# What room?



## Sokkasmom (Jul 24, 2013)

What room of the house do you guys keep your betta(s) in? I keep my lil guy, Sokka, in the living room most of the time, then bring him into the kitchen with me when im doing the dishes (he likes to watch me walk around the kitchen). Am i the only one who takes her betta with her to do chores? (granted hes in a 1 gal tank so thats easier than moving a 5 or 10 gal)


----------



## sainthogan (Sep 27, 2012)

Mine are in the bedroom that my husband and I share with our 7 year old (yes, we live in a 1 bedroom apartment - hoping upgrade soon), so they don't get to see us very much. But the other day, my son had a whole bunch of friends over playing video games in the bedroom, and my female was doing the "happy dance" the entire time they were there.

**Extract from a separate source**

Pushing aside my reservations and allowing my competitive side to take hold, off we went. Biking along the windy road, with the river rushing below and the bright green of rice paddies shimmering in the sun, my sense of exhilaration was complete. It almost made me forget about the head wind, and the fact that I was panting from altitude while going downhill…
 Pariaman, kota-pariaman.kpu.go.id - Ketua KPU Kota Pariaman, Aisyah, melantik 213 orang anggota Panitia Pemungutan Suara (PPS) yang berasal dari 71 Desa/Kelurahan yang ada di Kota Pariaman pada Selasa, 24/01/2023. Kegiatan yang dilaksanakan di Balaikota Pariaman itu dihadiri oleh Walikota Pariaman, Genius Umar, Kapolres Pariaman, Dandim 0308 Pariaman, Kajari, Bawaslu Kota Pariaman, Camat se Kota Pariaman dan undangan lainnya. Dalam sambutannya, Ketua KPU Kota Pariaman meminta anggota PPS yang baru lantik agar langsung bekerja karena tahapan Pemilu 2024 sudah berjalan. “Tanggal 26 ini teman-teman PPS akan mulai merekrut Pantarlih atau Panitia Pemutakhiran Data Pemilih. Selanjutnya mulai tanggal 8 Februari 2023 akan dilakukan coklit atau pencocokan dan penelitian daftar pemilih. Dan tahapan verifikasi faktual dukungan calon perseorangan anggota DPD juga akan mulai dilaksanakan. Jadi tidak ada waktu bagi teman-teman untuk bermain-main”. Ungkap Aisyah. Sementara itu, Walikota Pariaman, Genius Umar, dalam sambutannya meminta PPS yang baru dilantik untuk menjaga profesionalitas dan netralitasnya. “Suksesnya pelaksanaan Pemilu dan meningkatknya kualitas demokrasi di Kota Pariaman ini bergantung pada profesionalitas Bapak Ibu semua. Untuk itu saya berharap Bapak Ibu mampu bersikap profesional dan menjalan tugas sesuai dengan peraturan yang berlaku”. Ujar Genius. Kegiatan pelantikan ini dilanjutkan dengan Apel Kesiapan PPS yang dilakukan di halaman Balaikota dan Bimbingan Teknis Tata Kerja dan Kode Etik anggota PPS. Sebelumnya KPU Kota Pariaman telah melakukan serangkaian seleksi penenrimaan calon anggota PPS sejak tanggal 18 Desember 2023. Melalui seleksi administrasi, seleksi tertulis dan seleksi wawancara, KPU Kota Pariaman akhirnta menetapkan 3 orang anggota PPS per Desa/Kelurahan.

It was really cute. 
Oh, and my babies are each in 5 gallon tanks, so they don't get to travel around with me.


----------



## Moonshine357 (Jul 18, 2013)

Mine used to live on the kitchen counter. When I got him a larger tank he moved into our living room. He's getting a neighbor tonight. I wonder who I will end up with?


----------



## kimt (Mar 5, 2013)

One is in my son's room. I have two in a divided 10 gallon in the kitchen. I was going to put the divided tank in my son's room but I couldn't bear to not see my Whisper all day long (pictured in my avatar) I have one in a 10 gallon in the dining room. I am in and out of there all day long. I prefer to have my bettas when I spend most of my day which is the kitchen and dining room.


----------



## ForbiddenSecrets (Aug 15, 2010)

In my entry way. I love being able to see it from the TV room.


----------



## karenluvsbettas623 (Jul 13, 2013)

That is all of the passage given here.